Dimensional reduction can be thought of as a form of lossy compression -- finding a "simpler" representation of the data which captures its essential properties. This of course depends upon what the "essential properties" that we want to keep are, but generally we want to reject *noise* and keep non-random structure. We find a **subspace** that captures the meaningful variation of a dataset.
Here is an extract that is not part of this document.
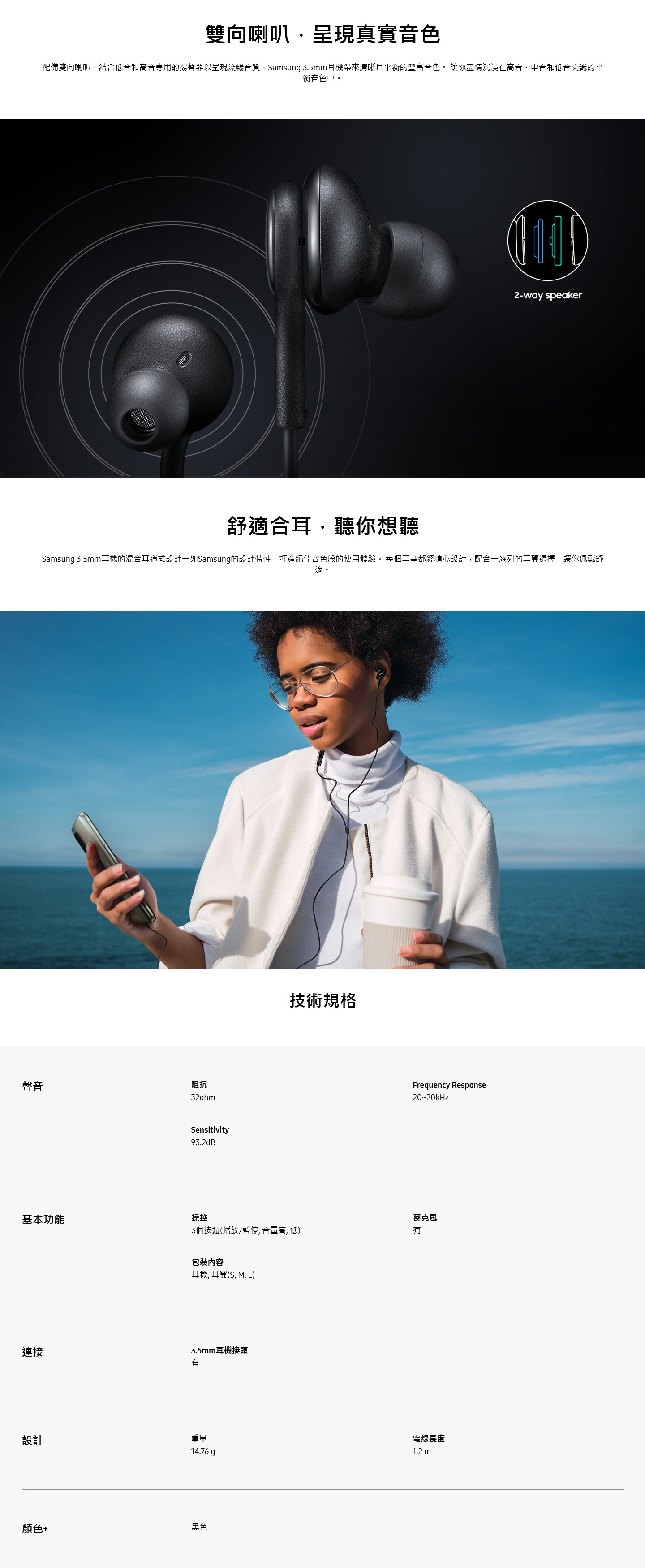 SAMSUNG EO-IA500 是一款主打均衡音質與舒適佩戴的 3.5mm 入耳式耳機,機身呈現經典黑色。其搭載雙向揚聲器系統,配備專屬低音單元與高音單元,可呈現清晰平衡的飽滿音效,讓高、中、低頻交織融合,帶來沉浸聽覺體驗。採用三星標誌性混合耳道式設計,搭配附贈的 S、M、L 三種尺寸耳帽,能適配不同耳型,實現穩固貼合與配戴舒適感。耳機配備三鍵操控系統,可輕鬆實現播放 / 暫停及音量調節,內建麥克風支援通話功能。機身僅重 14.76g,搭配 1.2 公尺線纜,便攜實用。其音質參數亮眼,阻抗 32ohm,頻率響應覆蓋 20~20kHz,靈敏度達 93.2dB,滿足日常聽音需求。

One way of viewing this process is finding *latent variables*; variables we did not directly observe, but which are simple explanations of the ones we did observe. For example, if we measure a large number of weather measurements (rainfall, pressure, humidity, windspeed), these might be a very redundant representation of a few simple variables (e.g. is there a storm?). If features correlate or cluster in the measured data we can learn this structure *even without knowing training labels*.

##### Manifold learning
One way of looking at this problem is learning a *manifold* on which the data lies (or lies close to). A *manifold* is a geometrical structure which is locally like a low-dimensional Euclidean space. Imagine data points lying on the surface of a sheet of paper crumpled into a ball, or a 1D filament or string tangled up in a 3D space. 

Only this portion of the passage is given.